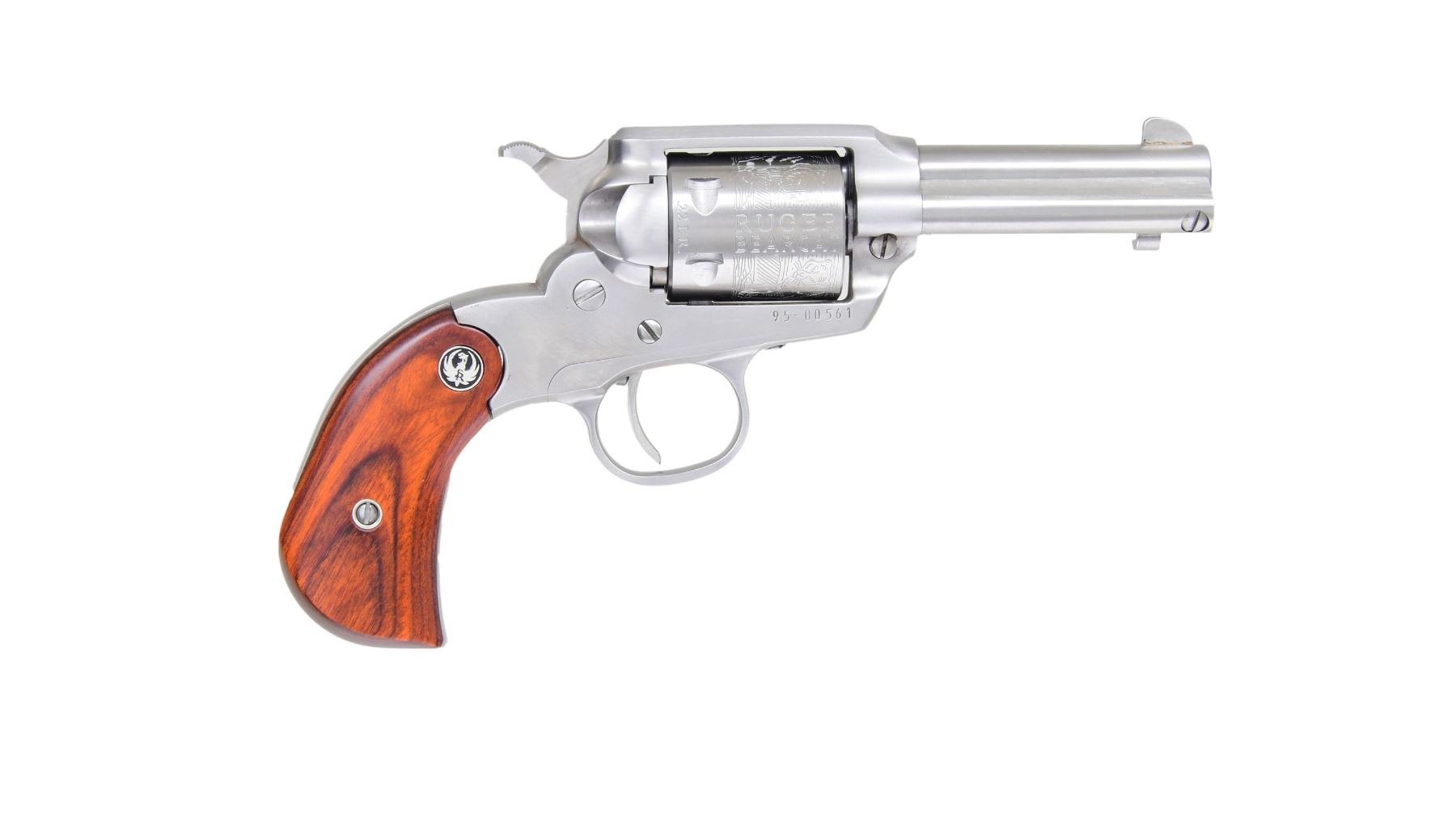 MODEL 00915 SAREVOLVER WITH MATCHING FACTORY BOX. Cal. 22 LR. S# 95-00561 (2013). Catalog No. KSBCBH-3 This revolver features a stainless steel finish with decorative scrollwork on the cylinder. Manufactured in 2013 with a 3-inch barrel. Fixed sights. The trigger is stainless, and the hammer is also stainless. The frame is of standard configuration. The cylinder holds six rounds and is not fluted. The grips are smooth wood with the Ruger emblem. UNATTACHED ACCESSORIES: Factory box and instruction manual. CONDITION: Overall condition is near excellent with approximately 99% of the original finish remaining on the barrel and frame. The grips are in near excellent condition with minimal wear. The bore is bright with strong rifling. MODERN (24-3007/MD) $300-500.
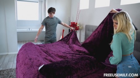 Мужчина привез знакомить своего пасынка с новой мачехой. Она работящая, очень сексуальная женщина, но есть один нюанс: по факту это дичайшая шлюха, которая столько раз изменяла мужу при его личном присутствии, что не так сильно намокает киска при виде свежего члена. Муж залип в телефон, а рядом парню сделали минет, после чего он трахнул мачеху на кухне и еще раз в течение дня в спальне. Все это время рогоносец приглядывал за ними, все равно свой хуй толком не стоит и соваться в дырку супруги даже не стоит. Только вот дамочка не пытается делать вид будто ей нравится. Может надоело, что муж постоянно пялится.
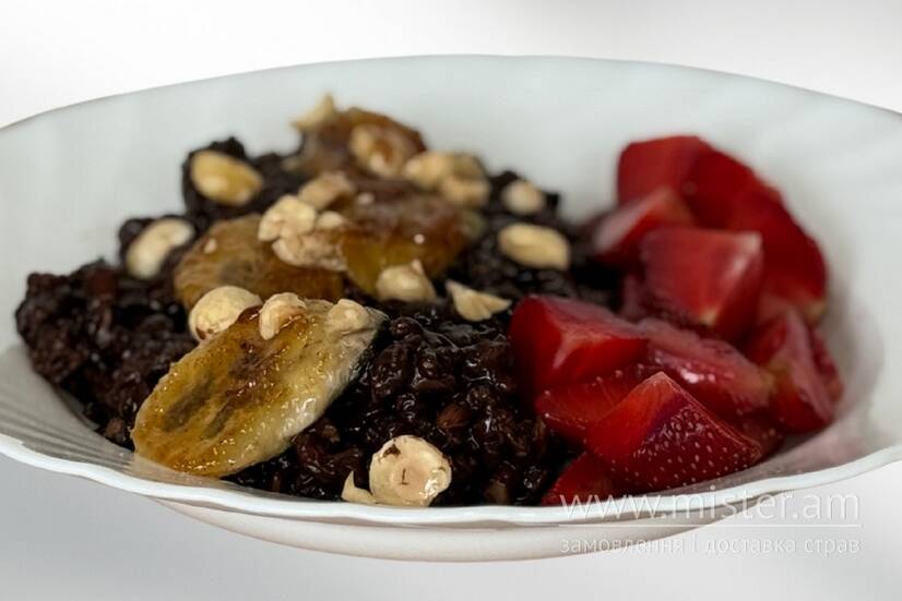 Ніжна вівсяна каша з какао, збагачена фундуком, свіжими ягодами та бананом. Легкий і поживний сніданок, що заряджає енергією зранку. Б/Ж/В 11,7/11,6/89.

### EXERCISE DETAILS
Retype word for word all the material given above, and keep the pictures out.

### OUTPUT OF THE EXERCISE
 MODEL 00915 SAREVOLVER WITH MATCHING FACTORY BOX. Cal. 22 LR. S# 95-00561 (2013). Catalog No. KSBCBH-3 This revolver features a stainless steel finish with decorative scrollwork on the cylinder. Manufactured in 2013 with a 3-inch barrel. Fixed sights. The trigger is stainless, and the hammer is also stainless. The frame is of standard configuration. The cylinder holds six rounds and is not fluted. The grips are smooth wood with the Ruger emblem. UNATTACHED ACCESSORIES: Factory box and instruction manual. CONDITION: Overall condition is near excellent with approximately 99% of the original finish remaining on the barrel and frame. The grips are in near excellent condition with minimal wear. The bore is bright with strong rifling. MODERN (24-3007/MD) $300-500.
 Мужчина привез знакомить своего пасынка с новой мачехой. Она работящая, очень сексуальная женщина, но есть один нюанс: по факту это дичайшая шлюха, которая столько раз изменяла мужу при его личном присутствии, что не так сильно намокает киска при виде свежего члена. Муж залип в телефон, а рядом парню сделали минет, после чего он трахнул мачеху на кухне и еще раз в течение дня в спальне. Все это время рогоносец приглядывал за ними, все равно свой хуй толком не стоит и соваться в дырку супруги даже не стоит. Только вот дамочка не пытается делать вид будто ей нравится. Может надоело, что муж постоянно пялится.
 Ніжна вівсяна каша з какао, збагачена фундуком, свіжими ягодами та бананом. Легкий і поживний сніданок, що заряджає енергією зранку. Б/Ж/В 11,7/11,6/89.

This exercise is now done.